* [Required action] Return only the lines below starting at the line containing "Daughter in Law |" and ending at the line containing "14 Apr 26, 20.00", both included, exactly as they are and with no pictures.

* [Extracted records]

=-=-=

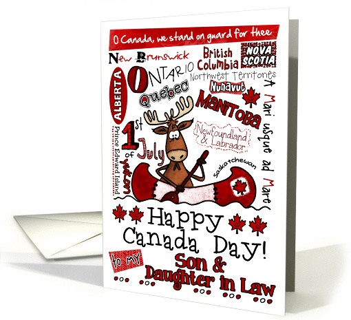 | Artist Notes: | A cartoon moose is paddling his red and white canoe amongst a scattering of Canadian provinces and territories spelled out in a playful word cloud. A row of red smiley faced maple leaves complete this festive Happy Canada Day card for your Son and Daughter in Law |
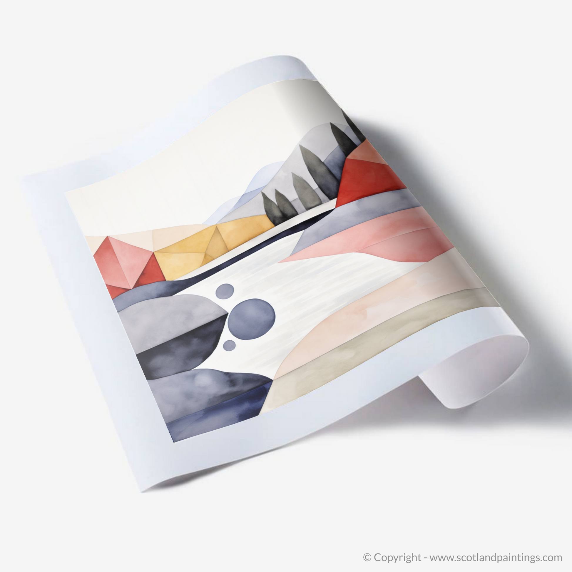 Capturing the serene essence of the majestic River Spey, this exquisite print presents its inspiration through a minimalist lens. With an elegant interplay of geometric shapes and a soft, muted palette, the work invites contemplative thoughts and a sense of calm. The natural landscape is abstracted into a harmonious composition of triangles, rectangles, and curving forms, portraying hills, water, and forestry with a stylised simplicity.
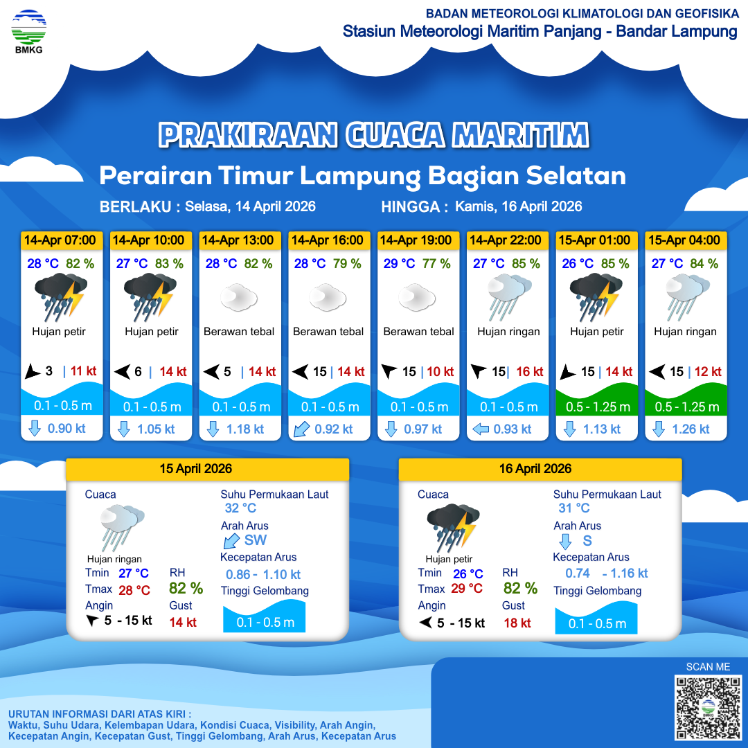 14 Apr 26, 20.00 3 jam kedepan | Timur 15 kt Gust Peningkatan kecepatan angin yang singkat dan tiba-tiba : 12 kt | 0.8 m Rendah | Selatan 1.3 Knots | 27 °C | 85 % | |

=-=-=

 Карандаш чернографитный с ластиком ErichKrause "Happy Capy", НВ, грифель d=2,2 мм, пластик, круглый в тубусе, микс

=-=-=

* [Solved exercise]
 | Artist Notes: | A cartoon moose is paddling his red and white canoe amongst a scattering of Canadian provinces and territories spelled out in a playful word cloud. A row of red smiley faced maple leaves complete this festive Happy Canada Day card for your Son and Daughter in Law |
 Capturing the serene essence of the majestic River Spey, this exquisite print presents its inspiration through a minimalist lens. With an elegant interplay of geometric shapes and a soft, muted palette, the work invites contemplative thoughts and a sense of calm. The natural landscape is abstracted into a harmonious composition of triangles, rectangles, and curving forms, portraying hills, water, and forestry with a stylised simplicity.
 14 Apr 26, 20.00 3 jam kedepan | Timur 15 kt Gust Peningkatan kecepatan angin yang singkat dan tiba-tiba : 12 kt | 0.8 m Rendah | Selatan 1.3 Knots | 27 °C | 85 % | |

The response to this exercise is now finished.